* [Given data]
──────────

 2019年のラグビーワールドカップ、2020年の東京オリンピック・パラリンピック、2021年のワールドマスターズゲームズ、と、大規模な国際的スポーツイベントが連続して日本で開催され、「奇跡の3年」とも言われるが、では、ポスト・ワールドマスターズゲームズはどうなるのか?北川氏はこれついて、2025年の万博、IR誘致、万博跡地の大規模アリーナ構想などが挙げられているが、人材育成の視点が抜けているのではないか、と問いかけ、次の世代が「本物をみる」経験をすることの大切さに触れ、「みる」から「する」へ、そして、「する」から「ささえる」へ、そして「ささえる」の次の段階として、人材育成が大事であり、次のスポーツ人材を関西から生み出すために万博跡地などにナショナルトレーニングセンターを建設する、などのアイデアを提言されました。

──────────

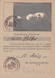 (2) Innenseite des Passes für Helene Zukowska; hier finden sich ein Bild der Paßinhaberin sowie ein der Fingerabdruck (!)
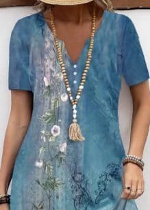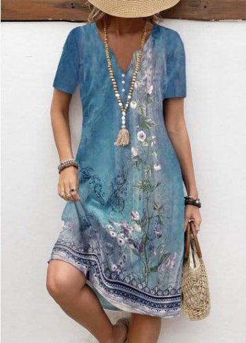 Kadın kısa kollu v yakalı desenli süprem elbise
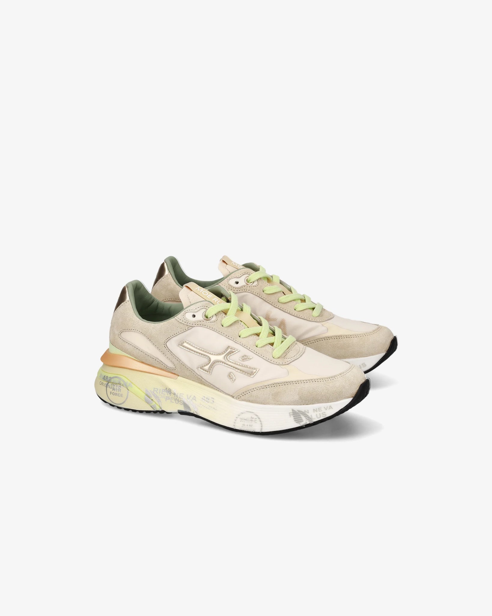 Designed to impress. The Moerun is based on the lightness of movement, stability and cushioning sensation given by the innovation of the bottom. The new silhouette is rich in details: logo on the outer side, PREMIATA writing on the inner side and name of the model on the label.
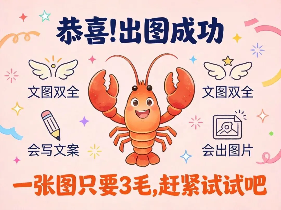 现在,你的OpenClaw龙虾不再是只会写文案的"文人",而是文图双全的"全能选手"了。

──────────

* [Aim of the task] Repeat, word for word, the lines of the material above from the one holding "Designed to impress." through the one holding "现在,你的OpenClaw龙". Leave out pictures.

* [Solution to this exercise]
 Designed to impress. The Moerun is based on the lightness of movement, stability and cushioning sensation given by the innovation of the bottom. The new silhouette is rich in details: logo on the outer side, PREMIATA writing on the inner side and name of the model on the label.
 现在,你的OpenClaw龙虾不再是只会写文案的"文人",而是文图双全的"全能选手"了。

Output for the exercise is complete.